■ Records provided:

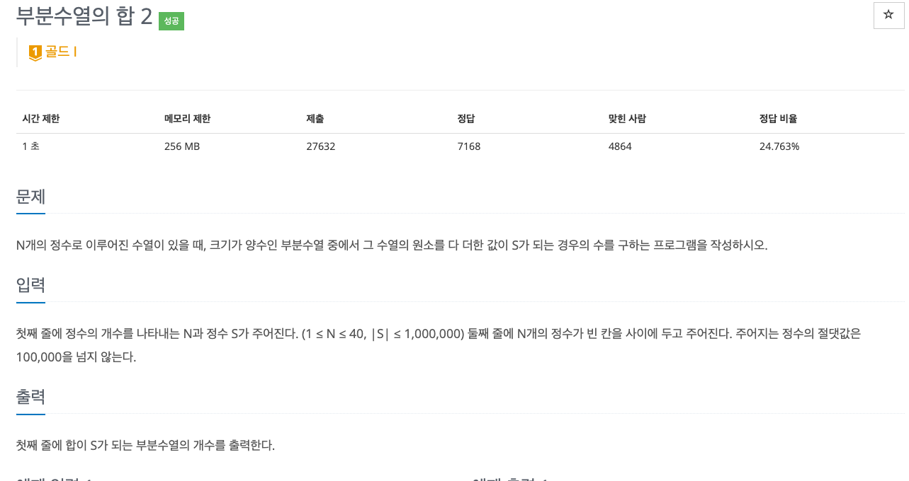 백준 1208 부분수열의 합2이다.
---
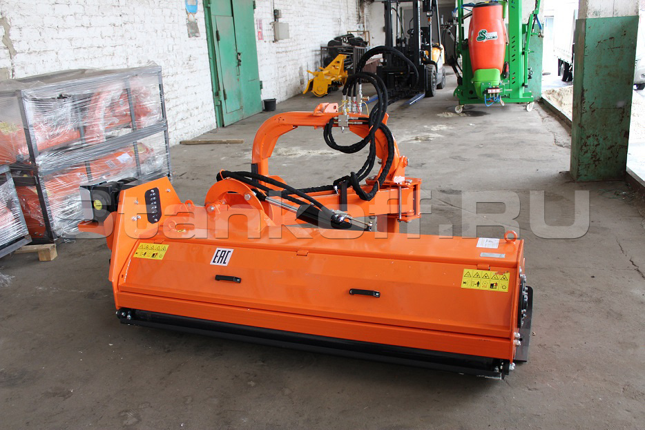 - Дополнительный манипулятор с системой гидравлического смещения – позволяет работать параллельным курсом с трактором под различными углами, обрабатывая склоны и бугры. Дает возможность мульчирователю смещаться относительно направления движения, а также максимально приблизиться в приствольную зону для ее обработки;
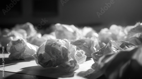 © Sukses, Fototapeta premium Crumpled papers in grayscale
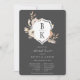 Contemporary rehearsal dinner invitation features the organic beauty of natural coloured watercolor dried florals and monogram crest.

■ Task statement:
Within these entries, output exactly the lines starting at the one with "papers in grayscale" and finishing at the one with "Contemporary rehearsal dinner". Leave pictures out of the output.

■ Solution to the exercise:
 © Sukses, Fototapeta premium Crumpled papers in grayscale
 Contemporary rehearsal dinner invitation features the organic beauty of natural coloured watercolor dried florals and monogram crest.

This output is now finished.